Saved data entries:

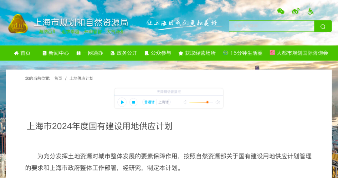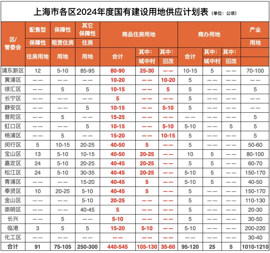 4月3日,上海市规划和自然资源局正式发布了《上海市2024年度国有建设用地供应计划》。
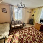 Дом стоит на фундаменте, стены – газосиликатные блоки, оштукатурены, утеплены, покрашены, окна – стеклопакеты. Свет (электричество 380 Вт), вода (бойлер) круглогодичная, отопление (во всех комнатах батареи). Котел нужно заменить. Огорожен забором со всех сторон.
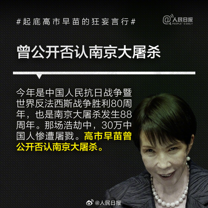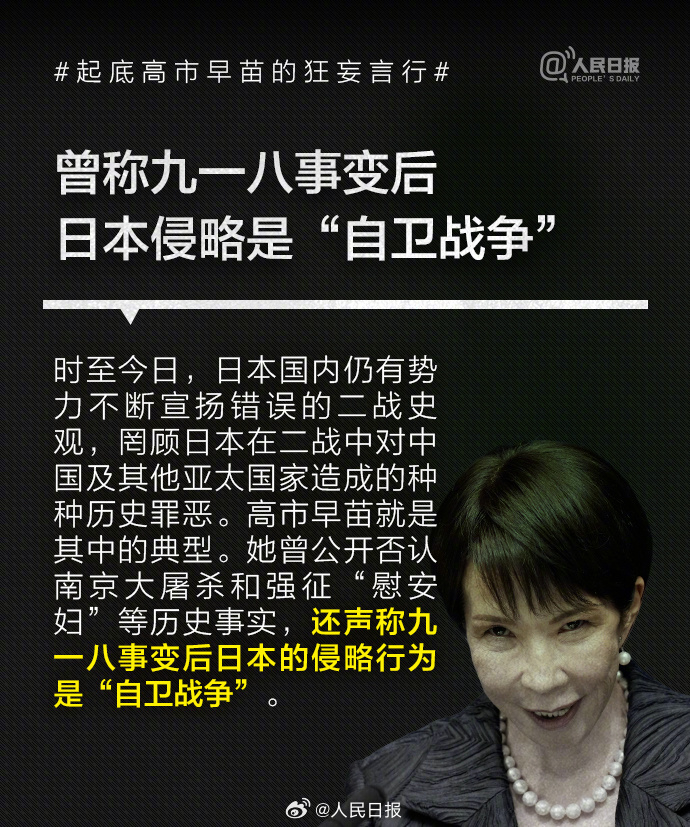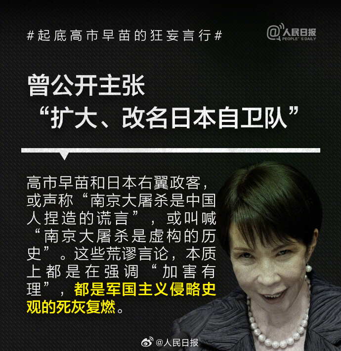1993年高市早苗当选日本国会议员后,公开主张修改日本和平宪法、扩大和改名日本自卫队、参拜靖国神社,其言行与许多臭名昭著的日本右翼政客如出一辙。高市2014年来参拜靖国神社超10次。历史的教训岂敢忘却!我们绝不允许日本军国主义复活,破坏世界和平稳定。
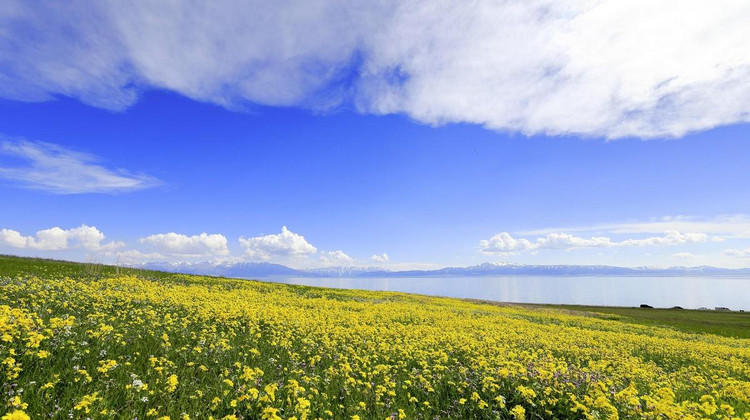 西海草原位于湖西侧的山间盆地,属草甸草原。在这里,空气中溢着花的芳香、漫着草的清新,蓝天与碧水一色、草原和雪山辉映。
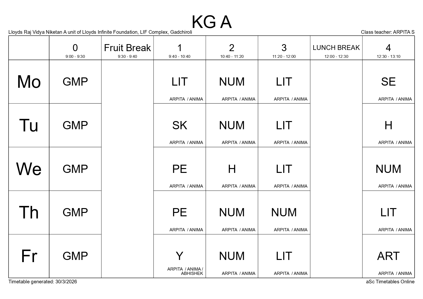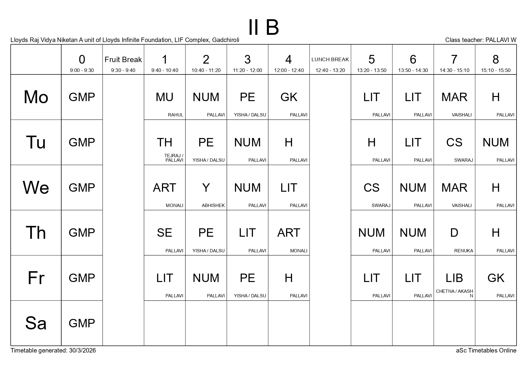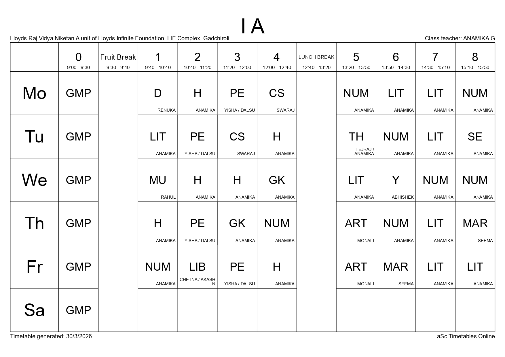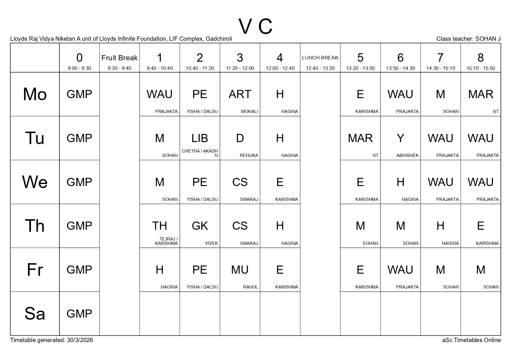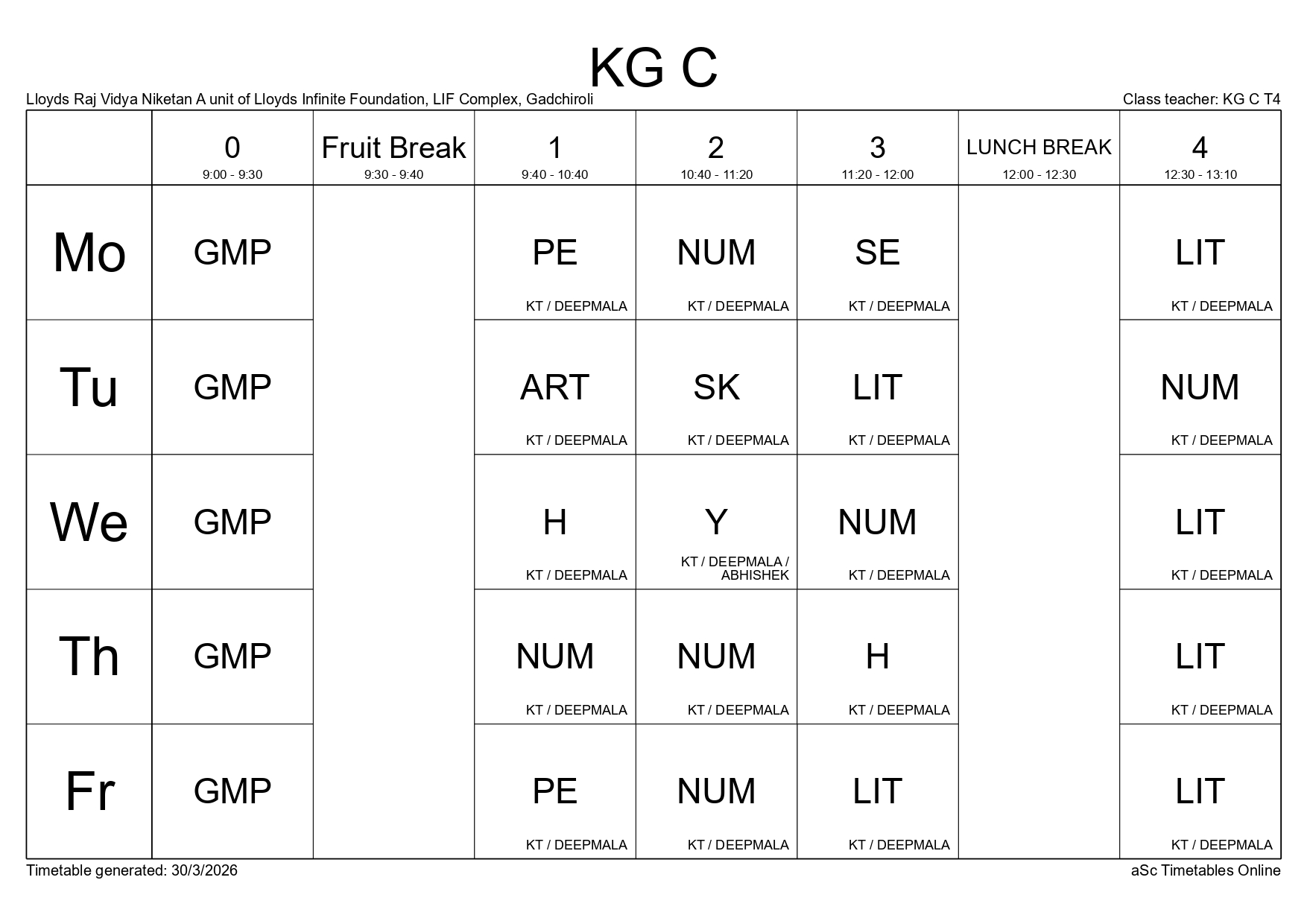 Class Timetable

Action item:
Each entry must be set down word for word; no image may be carried over.

Task solution:
 4月3日,上海市规划和自然资源局正式发布了《上海市2024年度国有建设用地供应计划》。
 Дом стоит на фундаменте, стены – газосиликатные блоки, оштукатурены, утеплены, покрашены, окна – стеклопакеты. Свет (электричество 380 Вт), вода (бойлер) круглогодичная, отопление (во всех комнатах батареи). Котел нужно заменить. Огорожен забором со всех сторон.
1993年高市早苗当选日本国会议员后,公开主张修改日本和平宪法、扩大和改名日本自卫队、参拜靖国神社,其言行与许多臭名昭著的日本右翼政客如出一辙。高市2014年来参拜靖国神社超10次。历史的教训岂敢忘却!我们绝不允许日本军国主义复活,破坏世界和平稳定。
 西海草原位于湖西侧的山间盆地,属草甸草原。在这里,空气中溢着花的芳香、漫着草的清新,蓝天与碧水一色、草原和雪山辉映。
 Class Timetable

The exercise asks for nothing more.